- SOURCE DATA
▼

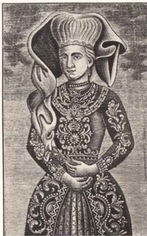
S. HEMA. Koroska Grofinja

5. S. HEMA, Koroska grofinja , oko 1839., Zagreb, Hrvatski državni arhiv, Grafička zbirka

▲
▼

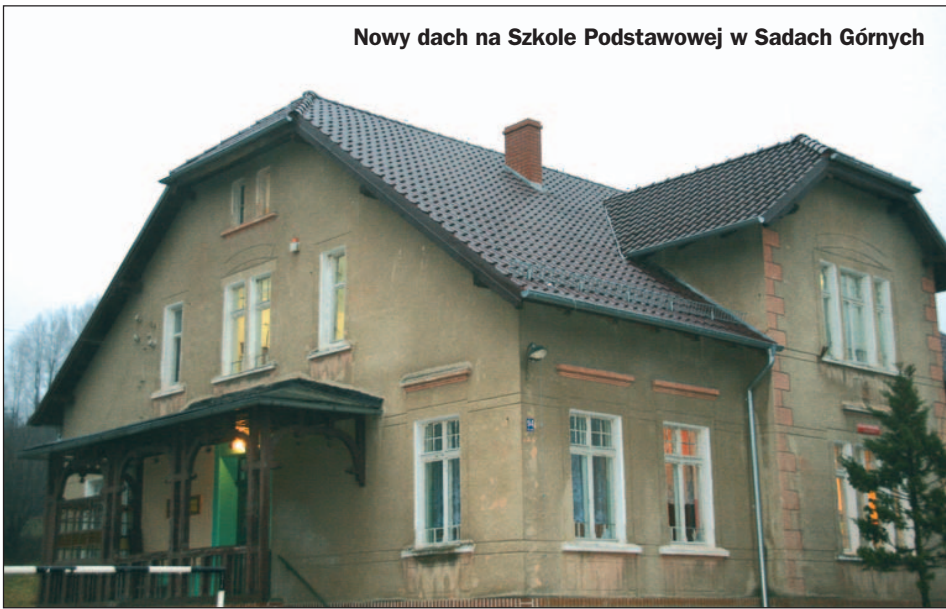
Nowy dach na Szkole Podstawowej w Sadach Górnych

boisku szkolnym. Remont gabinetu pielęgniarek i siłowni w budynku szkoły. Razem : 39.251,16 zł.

▲

- WHAT YOU WILL DO
Retype exactly, and only, the lines above from the one where "Nowy dach na" occurs up to and including the one where "boisku szkolnym. Remont" occurs.

- TASK ANSWER
Nowy dach na Szkole Podstawowej w Sadach Górnych

boisku szkolnym. Remont gabinetu pielęgniarek i siłowni w budynku szkoły. Razem : 39.251,16 zł.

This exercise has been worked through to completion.